Content starts

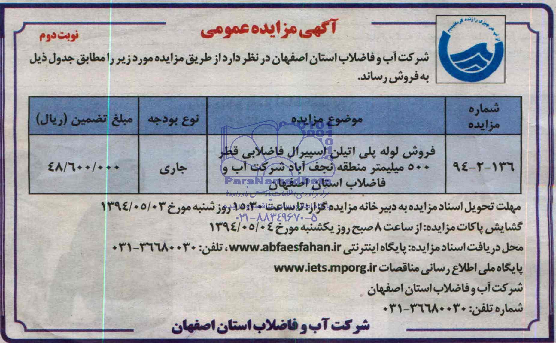 شرکت آب و فاضلاب استان اصفهان در نظر دارد از طریق مزایده مورد زیر را مطابق جدول ذیل به فروش رساند.
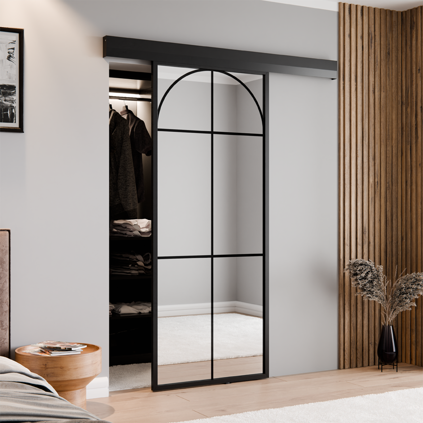 DRZWI PRZESUWNE ALUMINIUM CZARNE LUSTRO SREBRNE ŁUK 2 THOR
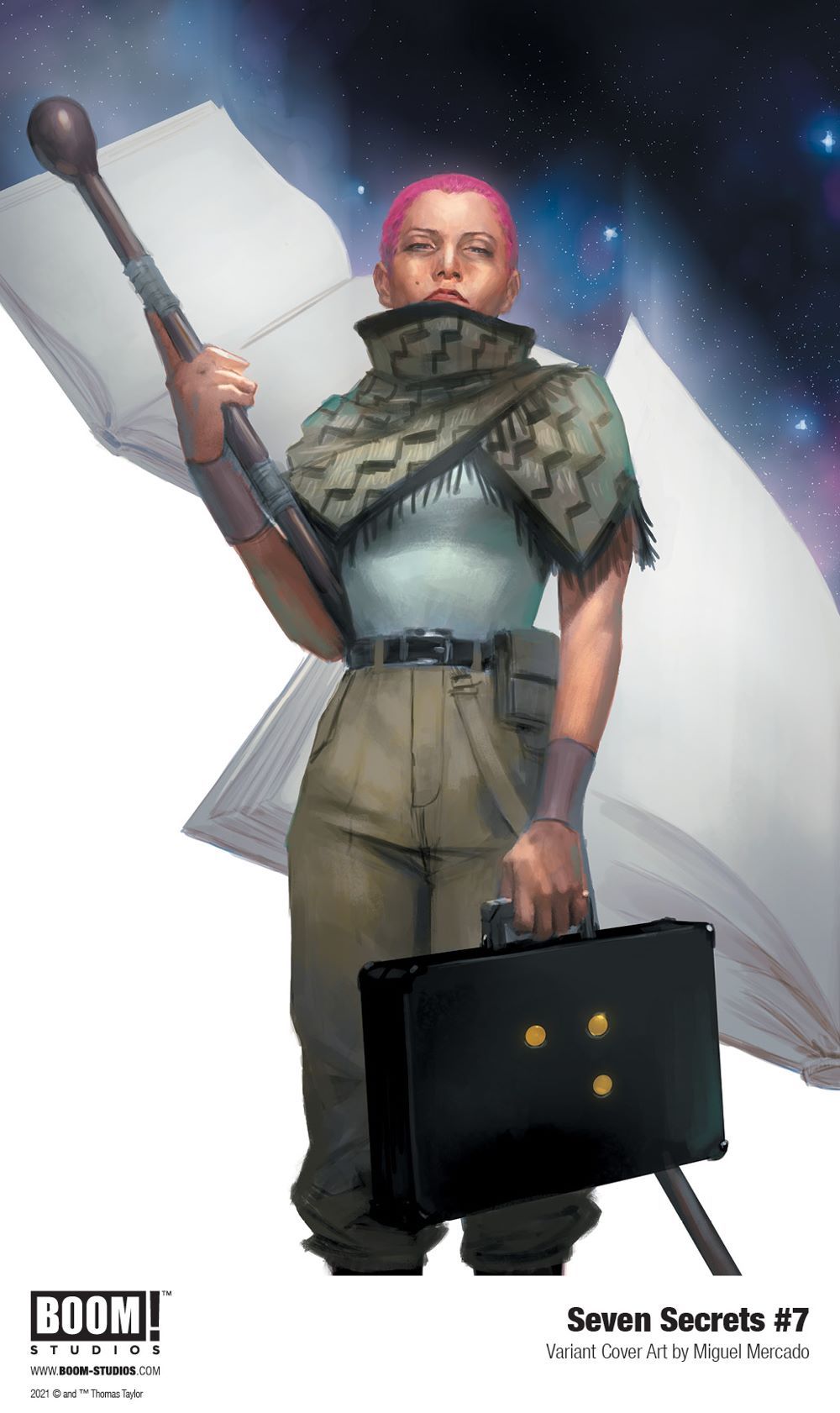 Media Release -- BOOM! Studios today announced the return of the blockbuster series SEVEN SECRETS on April 7, 2021 with issue #7, kicking off the next chapter of the highly praised new original comic book series from New York Times bestselling author Tom Taylor (DCeased), artist Daniele Di Nicuolo (Mighty Morphin Power Rangers), colorist Walter Baiamonte, and letterer Ed Dukeshire, about the seven powerful secrets—words, wonders, weapons, and worse—with the power to change the world.
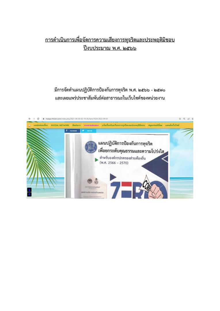 การดำเนินการเพื่อจัดการความเสี่ยงการทุจริตและประพฤติมิชอบ-2566
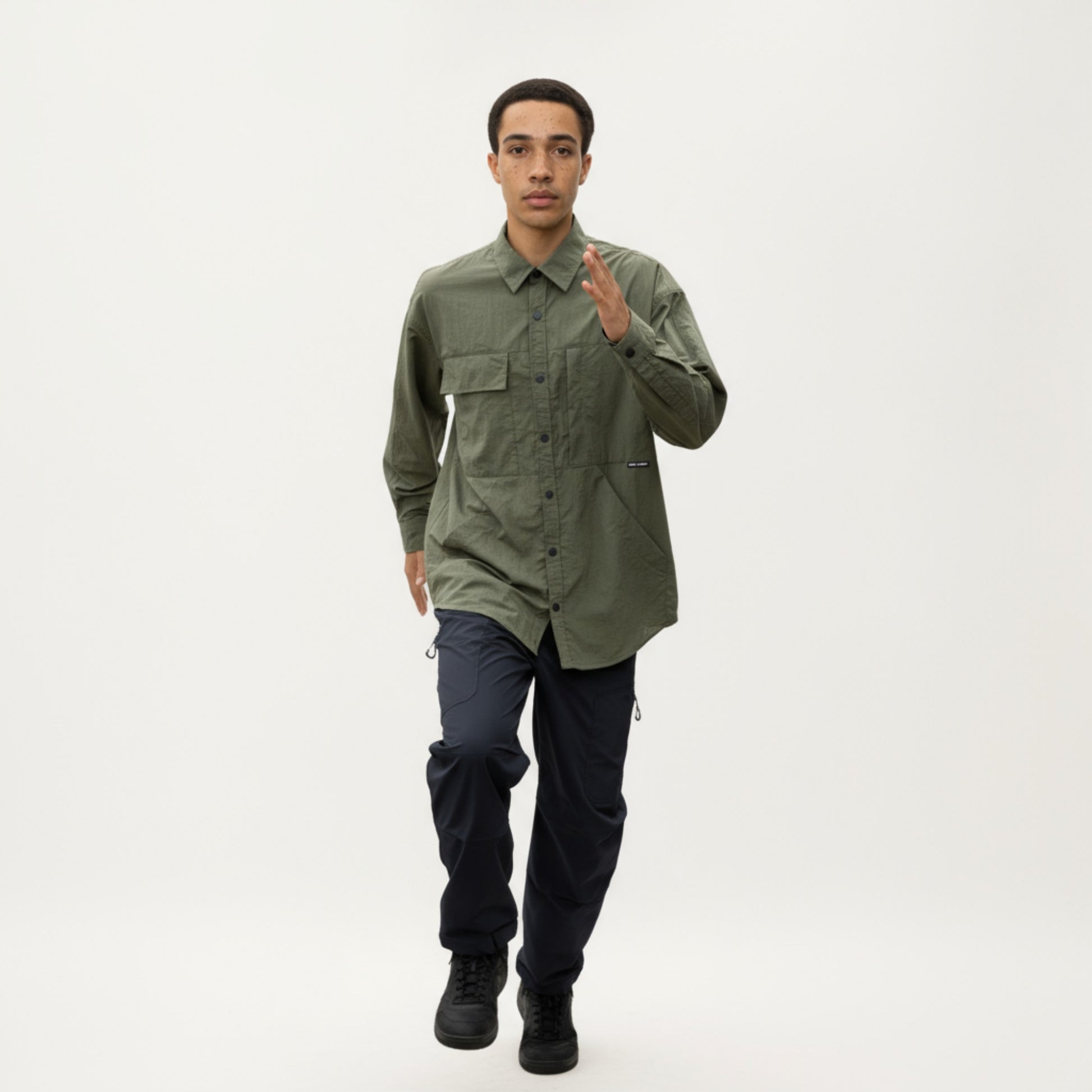 The Anna-Kaci Men's Long Sleeve Button-Up Utility Shirt offers a refined take on classic workwear style. Crafted from lightweight yet durable woven fabric, this shirt features a structured fit with a button-down front and multiple functional pockets. Its clean design and minimal stitching detail lend a modern, utilitarian look perfect for layering or standalone wear. Ideal for casual outings or work-inspired streetwear, this shirt blends practicality with contemporary style.
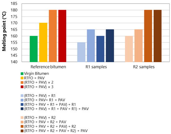 On the other hand, in the case of the R2 recycling agent, when it was added to the bitumen sample that was aged once, the melting point of the asphaltenes reduced from 170 °C to 160 °C, as can be seen in Figure 7. This recycled sample was aged again, and the melting point of the asphaltenes increased to 165 °C. This twice-aged sample was modified again with R2, and the melting point of the asphaltenes was even higher (180 °C, which is the same melting point as the neat bitumen aged twice). This means that the second modification of the bitumen with the R2 recycling agent was not effective, and even worsened the effects of aging on the asphaltenes thermal properties. This twice-recycled bitumen was aged for the third time, and the asphaltene melting point remained the same at 180 °C. It can thus be said that the R2 recycling agent, after the first recycling process, did not in any way improve the bitumen sample. This could be because R2 is a mere fluxing agent that softens the bitumen and reduces its viscosity. It does not truly interact chemically with the aged bitumen to restore its virgin properties. Fluxing agents only augment the maltenic fraction of bitumen, thus reducing its viscosity and improving its flow. No real changes in the chemical structure of aged bitumen are usually observed when a fluxing agent is used to modify bitumen [2,17].
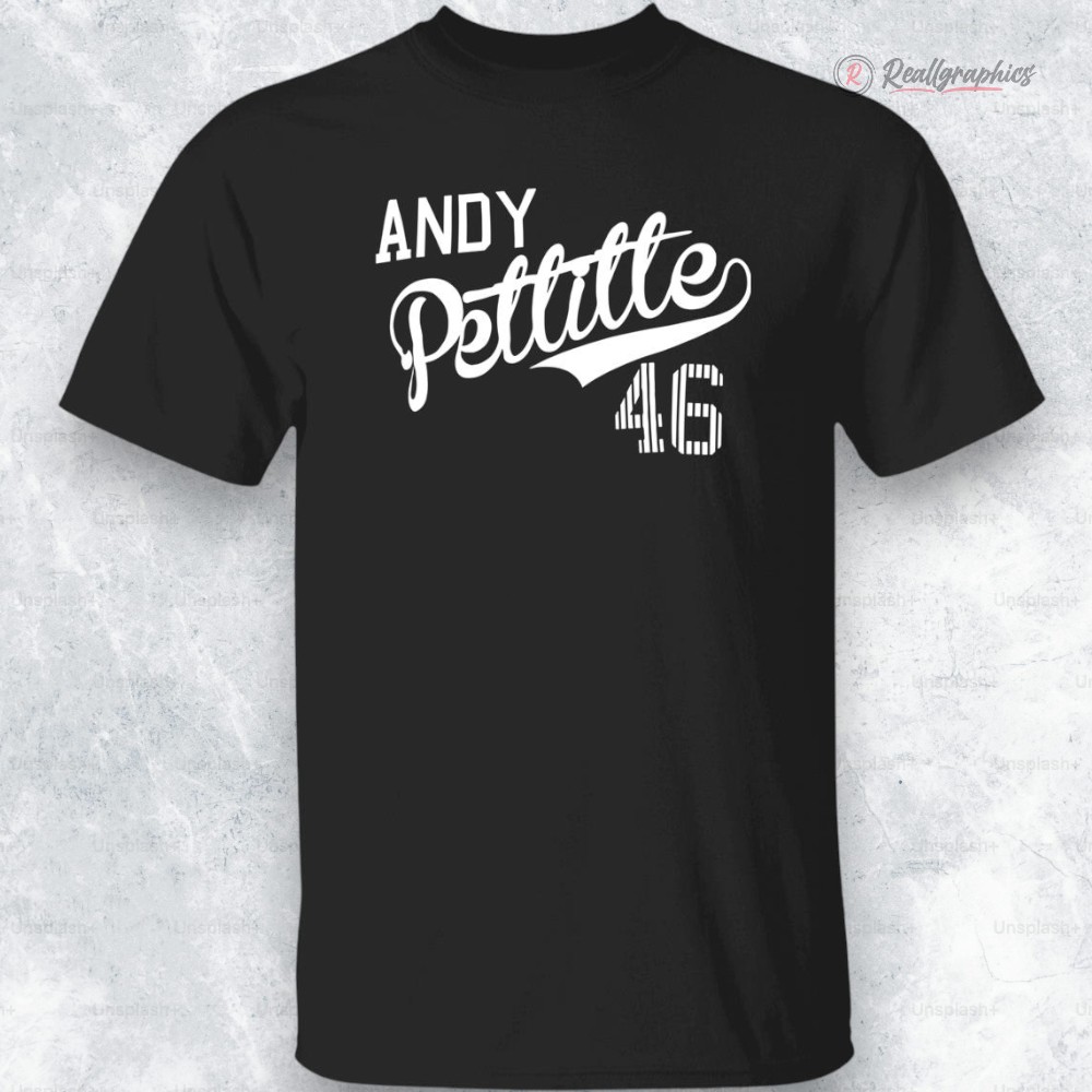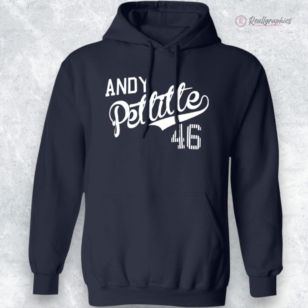 The sharp contrast between the bold uppercase “ANDY” and the flowing cursive “Pettitte” immediately commands attention. Nestled below, the number 46 stretches wide in a classic striped font that recalls the days of packed stadiums and crackling radios. This interplay of block sans and vintage script balances modern clarity with nostalgic charm, capturing a moment in baseball history that feels both vivid and timeless. The design’s placement centers the eye, as if the names and number were stitched onto the fabric of a classic jersey, making it less a hoodie and more a statement rooted deeply in sports heritage. It’s not just typography; it’s a visual tribute that mirrors Andy Pettitte’s blend of grit and grace on the mound. The stripes add texture and movement, echoing the rhythm of a fastball slicing through the air. Those who recognize the legacy will appreciate the craft here—fans who know what it means to wear a name with pride, whether in the stands or on casual weekend outings. It’s a piece that speaks to commitment, memories of championship runs, and the ongoing bond between player and supporter. For anyone who has followed the sport or admired its legends, this Andy Pettitte shirt feels like a subtle yet powerful nod to a shared history that goes beyond the game.
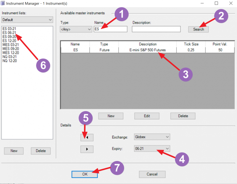Далее в диалоговом окне выбрать инструмент ES 06-21 (или MES 06-21 если вы торгуете микро-контракт) и добавить его в список:
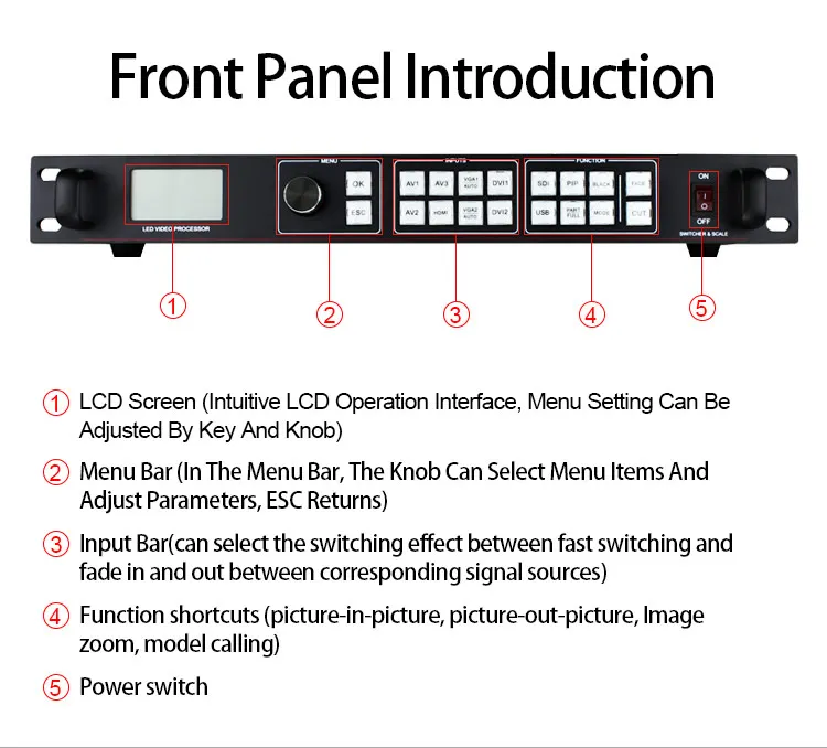 > Плавное переключение между любым каналом > Один ключ черный экран и замораживание > Поддержка большого соединения 10x10 > Функция цветопередачи > 34 показаны эффекты произвольного переключения > Максимальное выходное разрешение: 3840*640 @ 60Hz 2304*1152 @ 60Hz 2560*816 @ 60Hz > 8-канальный цифровой аналоговый видео вход: 3AV 2DVI 1HDMI 2VGA > Технология предварительного переключения > 16 тестовых образцов > Функция PIP, функция P0P > Предустановленное сохранение и отзыв

Content ends

### [What the task asks]
Please return the data above exactly as it stands from the line with "DRZWI PRZESUWNE ALUMINIUM" to the line with "The Anna-Kaci Men's", keeping both of those lines but none of the pictures.

### [Response area]
 DRZWI PRZESUWNE ALUMINIUM CZARNE LUSTRO SREBRNE ŁUK 2 THOR
 Media Release -- BOOM! Studios today announced the return of the blockbuster series SEVEN SECRETS on April 7, 2021 with issue #7, kicking off the next chapter of the highly praised new original comic book series from New York Times bestselling author Tom Taylor (DCeased), artist Daniele Di Nicuolo (Mighty Morphin Power Rangers), colorist Walter Baiamonte, and letterer Ed Dukeshire, about the seven powerful secrets—words, wonders, weapons, and worse—with the power to change the world.
 การดำเนินการเพื่อจัดการความเสี่ยงการทุจริตและประพฤติมิชอบ-2566
 The Anna-Kaci Men's Long Sleeve Button-Up Utility Shirt offers a refined take on classic workwear style. Crafted from lightweight yet durable woven fabric, this shirt features a structured fit with a button-down front and multiple functional pockets. Its clean design and minimal stitching detail lend a modern, utilitarian look perfect for layering or standalone wear. Ideal for casual outings or work-inspired streetwear, this shirt blends practicality with contemporary style.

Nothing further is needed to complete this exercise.